This repo performs face detection, recognition and tracking on Jetson Xavier, with above 15 FPS.
- Face detection is performed by Yolo5Face.
- Face recognition is performed Inception ResNetv3, recognition module from facenet-pytorch.
- Tracking is performed by DeepSort Tracker from deep_sort pytorch.
- main.py performs detection, recognition (of my team mates faces) and tracking.
- Pretrained models for detection and tracking (Pretrained model already in repo) can be reused.
- For recogniton model you need to fine tune the model on custom faces to be recognized and get embeddings of the faces to be recognized and save in embeddings folder. For details check out Recognition subsection. Pre-trained recog for my team mates and sample embeddings are here
- You are all set!
python3 main.py
Detection is performed by a wrap over of original github repo for paper [Yolo5Face: Why reinventing a face detector?](https://github.com/deepcam-cn/yolov5-face). This paper implements a yolov5n with wing loss, which is trained over WIDEFace dataset, to perform face detection. Face detection with this repo was pretty smooth and robust to illumination changes, side poses and varying resolution of faces.
- det.py file performs detection only.
- Change the camera device to webcam device id of your system on line 19 in det.py
- You need to create a weights folder and put this Yolov5 finetuned model in it.
- Change device in det.py line 16, for gpu use gpu=0/1 and for cpu platform use gpu=-1.
- Change size of the image to your desired value 320 or 480 on line 8 in det.py
python3 det.py
Recognition is performed using InceptionResNetv3, which is pretrained on VGGFace2, and we finetuned on faces of the people we wanted to recognize, in this case, we were three team members, whose faces we wanted algo to recognize, so we took 40 different images of each person, with varying backgrounds, clothes, illumination and face poses and sizes. In total, this model was fine tuned on 130 images roughly for 30 epochs.
Recognition using above mentioned detector is performed as follows:
- After fine tuning model, 3 different images of each person were passed though the model, one face from front, and other from left anf right side poses, and output of the final layer of trained Inception ResNet are stored in a file.
- At time of recognition, the detected faces from yolov5 detector are cropped and saved.
- These cropped faces are passed through this inception resnet to get face embeddings.
- These embeddings are then compared with the saved embeddings using euclidean distannce. If embeddings of the faces in the frame does not cross similarity threshold person is declared as unnown otherwise, closest embedding are used to assign label.
- det_recog.py performs detection and recognition only.
- Perform all changes, in the det_recog.py, as mention in detection for det.py.
- Train the inceptionNet model on few images of persons to be recognized and put in same 'weights' folder.
- A pre-trained resnet model for 320 and 480 image size, to recognize faces of my team members is here
- Load approprate resnet pretrained model, according to the selected image size.

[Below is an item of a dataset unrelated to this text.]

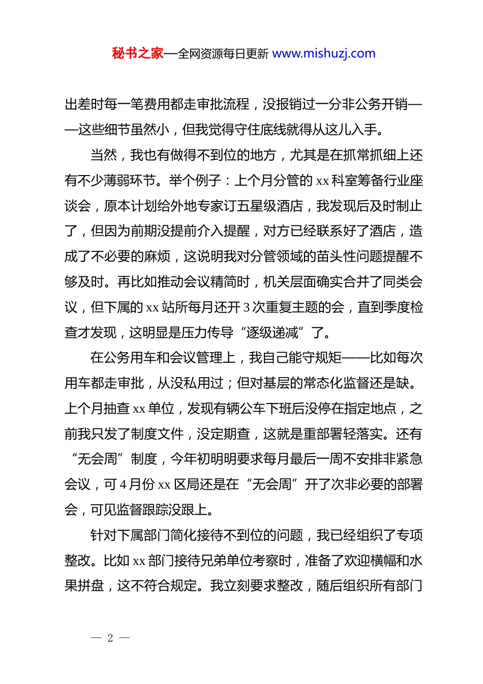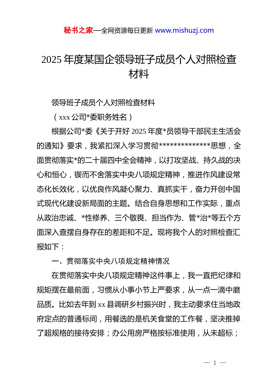 秘书之家—全网资源每日更新 www.mishuzj.com2025 年度某国企领导班子成员个人对照检查材料领导班子成员个人对照检查材料(xxx 公司*委职务姓名)根据公司*委《关于开好 2025 年度*员领导干部民主生活会的通知》要求,我紧扣深入学习贯彻**************思想,全面贯彻落实*的二十届四中全会精神,以打攻坚战、持久战的决心和恒心,锲而不舍落实中央八项规定精神,推进作风建设常态化长效化,以优良作风凝心聚力、真抓实干,奋力开创中国式现代化建设新局面的主题。结合自身思想和工作实际,重点从政治忠诚、*性修养、三个敬畏、担当作为、管*治*等五个方面深入查摆自身存在的差距和不足。现将我个人的对照检查汇报如下:一、贯彻落实中央八项规定精神情况在贯彻落实中央八项规定精神这件事上,我一直把纪律和规矩摆在最前面,习惯从小事小节上严要求,从一点一滴中磨品质。比如去年到 xx 县调研乡村振兴时,我主动要求住当地政府定点的普通标间,用餐选的是机关食堂的工作餐,坚决推掉了超规格的接待安排;办公用房严格按标准使用,从未超标;— 1 —秘书之家—全网资源每日更新 www.mishuzj.com出差时每一笔费用都走审批流程,没报销过一分非公务开销——这些细节虽然小,但我觉得守住底线就得从这儿入手。当然,我也有做得不到位的地方,尤其是在抓常抓细上还有不少薄弱环节。举个例子:上个月分管的 xx 科室筹备行业座谈会,原本计划给外地专家订五星级酒店,我发现后及时制止了,但因为前期没提前介入提醒,对方已经联系好了酒店,造成了不必要的麻烦,这说明我对分管领域的苗头性问题提醒不够及时。再比如推动会议精简时,机关层面确实合并了同类会议,但下属的 xx 站所每月还开 3 次重复主题的会,直到季度检查才发现,这明显是压力传导“逐级递减”了。在公务用车和会议管理上,我自己能守规矩——比如每次用车都走审批,从没私用过;但对基层的常态化监督还是缺。上个月抽查 xx 单位,发现有辆公车下班后没停在指定地点,之前我只发了制度文件,没定期查,这就是重部署轻落实。还有“无会周”制度,今年初明明要求每月最后一周不安排非紧急会议,可 4 月份 xx 区局还是在“无会周”开了次非必要的部署会,可见监督跟踪没跟上。针对下属部门简化接待不到位的问题,我已经组织了专项整改。比如 xx 部门接待兄弟单位考察时,准备了欢迎横幅和水果拼盘,这不符合规定。我立刻要求整改,随后组织所有部门— 2 —秘书之家—全网资源每日更新 www.mishuzj.com重学接待标准,修订了《内部接待细则》,明确禁止摆放鲜花、水果等非必要物品——现在各部门的接待流程都规范多了。今后我会进一步强化担当,以身作则推动作风建设往深里走。比如公务用车要建立每月抽查机制,不仅查机关,还要随机查基层的用车记录;会议管理要加“无会周”周报制度,发现问题立刻通报。针对压力传导问题,每季度我会和分管部门负责人谈一次作风建设,把责任压实到每一层。总之,我会健全定期抽查通报机制,确保八项规定在各层级落地见效,持续巩固公司风清气正的政治生态。二、对照五个方面查摆问题情况(一)在带头强化政治忠诚、提高政治能力反面1.政治理论学习“浅尝辄止”,学用脱节明显去年学习******关于“以人民为中心”的重要论述时,我抄了满满一本笔记,还在支部会上作了发言,但在实际处理 xx街道老旧小区改造问题时,却优先盯着工程进度表,没花时间挨家挨户听居民意见——直到有老人反映改造后的楼道灯亮度不够、台阶太陡,我才意识到自己把“人民至上”当成了口号,没真正落到实处。2.政治执行力存在“温差”,贯彻决策部署打折扣比如今年初*中央要求“加快推进绿色低碳转型”,我负责— 3 —秘书之家—全网资源每日更新 www.mishuzj.com的 xx 工业园区节能改造项目,虽然按要求制定了方案,但推进中怕影响企业生产,就把“每月现场检查”改成了“线上报数据”——结果第三季度园区能耗比预期高了 15%,这就是我在落实*中央决策时,没有“钉钉子”的韧劲,让政策打了折扣。3.政治敏锐性不够强,对意识形态风险预判不足比如上个月处理 xx 单位员工微信...

- Create a folder, call it embeddings.
- Pass atleast 2 sample images of ech persom from pretrained model, and save it in embeddings folder, sample embeddings folder for my team mates faces is here.
python3 det_recog.py
Tracking is performed by [Deep SORT](https://github.com/nwojke/deep_sort) tracker, which is original SORT (Simple Online Real Time Tracking) tracker plus a deep convolutional network added to it, for improving the tracker's recognition accuracy. Simple SORT tracker uses just kalman filter based predicted state of the tracked object and does not includes any deep representation of the tracked item and hence leads to losing track of objcet for occlusion, or lightning changes. In our case as the side pose or illumination change or scale changes occured, the simple SORT tracker lost object track, and the track disappeared gradually whereas this deep SORT tracker performed really well and did not lose object track.
DeepSORT tracker used here, has associated pre-trained convolutional network, for extracing deep representation of the tracked object to improve the mapping of tracked object with detector's detections. This convolutional network was pretrained on human body(pedestrians) not human faces but gave acceptabel performance when we used it for tracking faces.
- det_track.py performs detection and tracking only.
- Perform all changes in det_track.py as performed in det.py for detection.
python3 det_track.py
- Jetson Xavier NX
- Logitech BRIO Webcam
- USB3.0 to connect webcam to Xavier
This algorithm is ran on jetson Xavier NX connected to a logitech BRIO usb camera and results were displayed on local system by connecting an ssh tunnel using -X option to the xavier.